Perturbations of Self-Accelerated Universe

TL;DR

This work analyzes perturbations around the self-accelerated DGP solution and argues that stability cannot be decided from linearized perturbations alone. It shows that empty-background perturbations can be ghost-free and that conformal sources remain stable, while non-conformal sources trigger ghost-like behavior only within a regime where nonlinear dynamics must be considered. Global Euclidean constraints further underscore the need for nonlinear 5D analysis to assess stability, as linear results can be misleading near sources where a Vainshtein halo forms. The truncated linear theory with sources illustrates delicate boundary conditions and pole structures that Solar System tests already constrain, highlighting that a full nonlinear treatment is essential for viability.

Abstract

We discuss small perturbations on the self-accelerated solution of the DGP model, and argue that claims of instability of the solution that are based on linearized calculations are unwarranted because of the following: (1) Small perturbations of an empty self-accelerated background can be quantized consistently without yielding ghosts. (2) Conformal sources, such as radiation, do not give rise to instabilities either. (3) A typical non-conformal source could introduce ghosts in the linearized approximation and become unstable, however, it also invalidates the approximation itself. Such a source creates a halo of variable curvature that locally dominates over the self-accelerated background and extends over a domain in which the linearization breaks down.
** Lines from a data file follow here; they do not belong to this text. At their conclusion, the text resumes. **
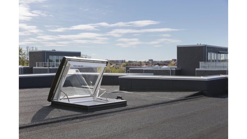 W projektowaniu nowoczesnych budynków z płaskim dachem architekci poszukują rozwiązań, które łączą funkcjonalność z estetyką oraz pozwalają świadomie kształtować przestrzeń światłem dziennym. Nowe elektryczne okno wyłazowe VELUX CXU otwiera przed architektami możliwości tworzenia jasnych przestrzeni w obiektach, w których wykorzystywane są wyłazy. Na co dzień, gdy wyłaz nie jest używany do celów serwisowych, pełni funkcję źródła naturalnego światła, dzięki temu architekci mogą w pełni wykorzystać potencjał światła dziennego jako integralnego elementu projektu.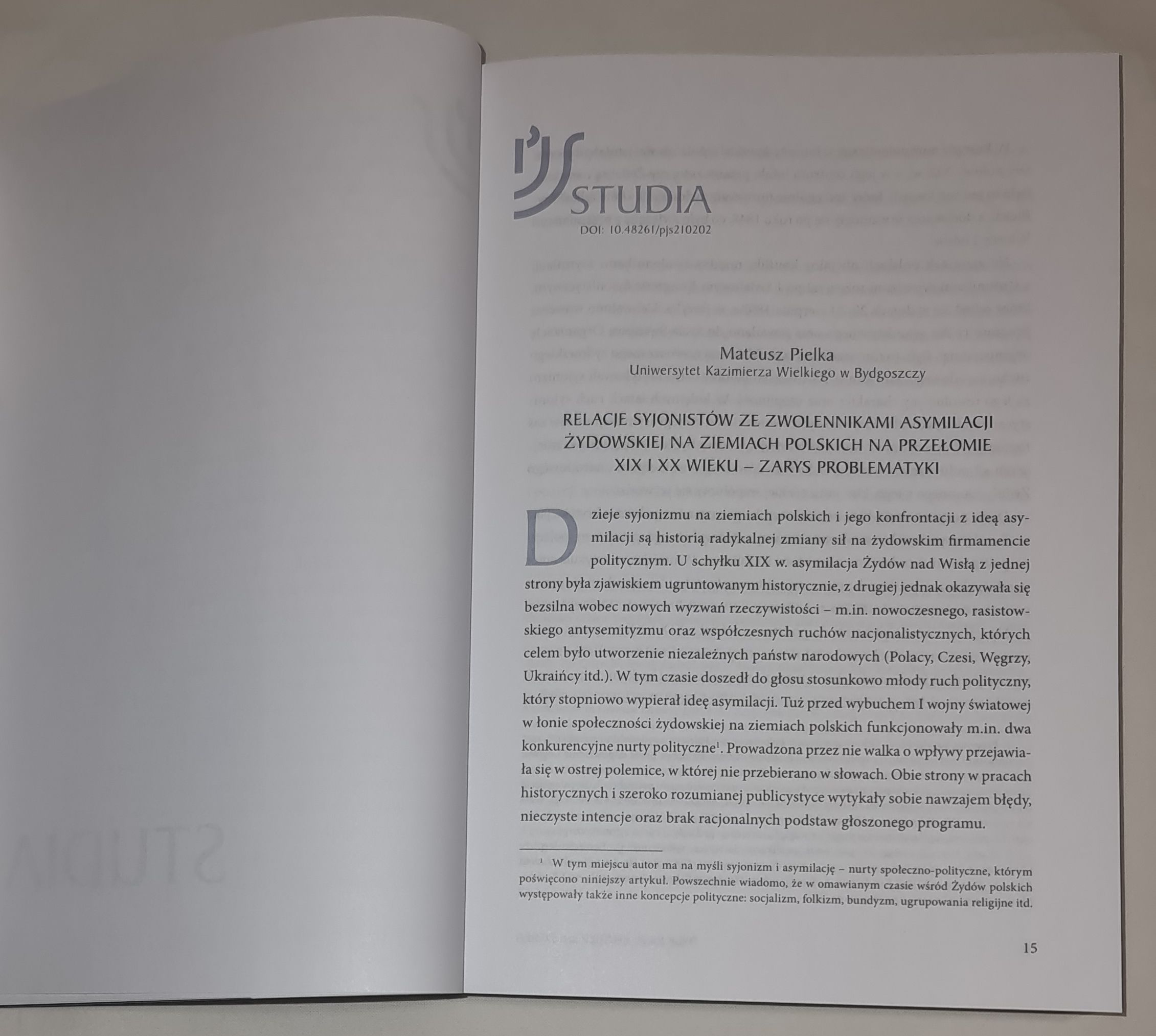 Mateusz Pielka — Relacje syjonistów ze zwolennikami asymilacji żydowskiej na ziemiach polskich na przełomie XIX i XX wieku – zarys problematyki
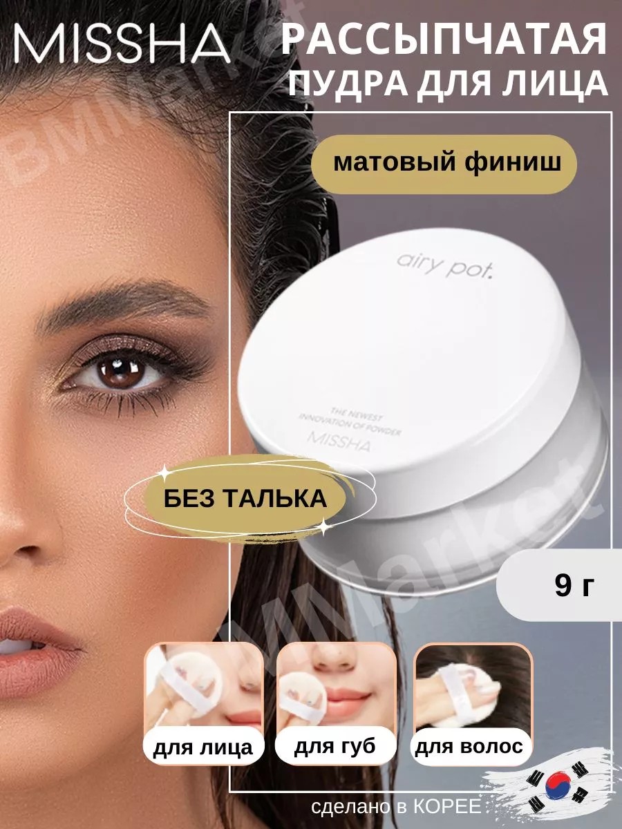 Бесцветная матирующая рассыпчатая пудра для лица MISSHA Airy Pot Powder Translucent позволяет создать на коже невесомое покрытие, эффективно устраняет жирный блеск, не забивает поры и делает их менее заметными, фиксирует макияж, значительно продлевая его стойкость, выравнивает тон, скрывает различные несовершенства и делает кожу матовой и шелковистой. Благодаря инновационным ингредиентам она обеспечивает идеальное сочетание матового покрытия и естественного сияния. Корейская пудра для лица с зеркалом и с пуховкой невероятно легкая в нанесении, равномерно распределяется по коже, не впитывает пот и кожное сало, способна адаптироваться к любому оттенку, делая кожу гладкой как шелк, обеспечивает безупречный результат в течение всего дня. Прозрачная рассыпчатая пудра — это не просто косметическое средство, это ваш верный спутник в создании идеального макияжа, который подчеркнет вашу естественную красоту и придаст уверенности в любой ситуации. Пудра для лица корея матирующая наносится кистью или пуховкой, подходит для всех типов кожи (жирная, комбинированная, нормальная). Пудру фиксирующую можно использовать для губ и для волос. Транспарентная пудра (белая) для лица миша на коже кажется прозрачной, подойдет любому тону и подтону. Создаёт матовый финиш, закрепляет макияж, матирует, делает кожу бархатистой. Не утяжеляет макияж и выглядит на коже очень натурально. Активные компоненты: Nylon-12 обеспечивает создание более легкой текстуры и матового финиша. Предотвращает жирность и излишний блеск на коже, обеспечивая более длительное устойчивое покрытие. Силика используется как абсорбент, который помогает впитывать излишки себума, делая кожу более матовой, помогает создать барьерную защиту на коже, улучшает текстуру и качество кожи. 100% Оригинальная корейская женская декоративная косметика. Способ применения: Нанесите необходимое количество средства и распределите по лицу в качестве последнего шага в процессе нанесения макияжа.

Perturbations that are valid outside the halo may not continue inside, as it is suggested by some non-perturbative solutions. (4) In the Euclidean continuation of the theory, with arbitrary sources, we derive certain constraints imposed by the second order equations on first order perturbations, thus restricting the linearized solutions that could be continued into the full nonlinear theory. Naive linearized solutions fail to satisfy the above constraints. (5) Finally, we clarify in detail subtleties associated with the boundary conditions and analytic properties of the Green's functions.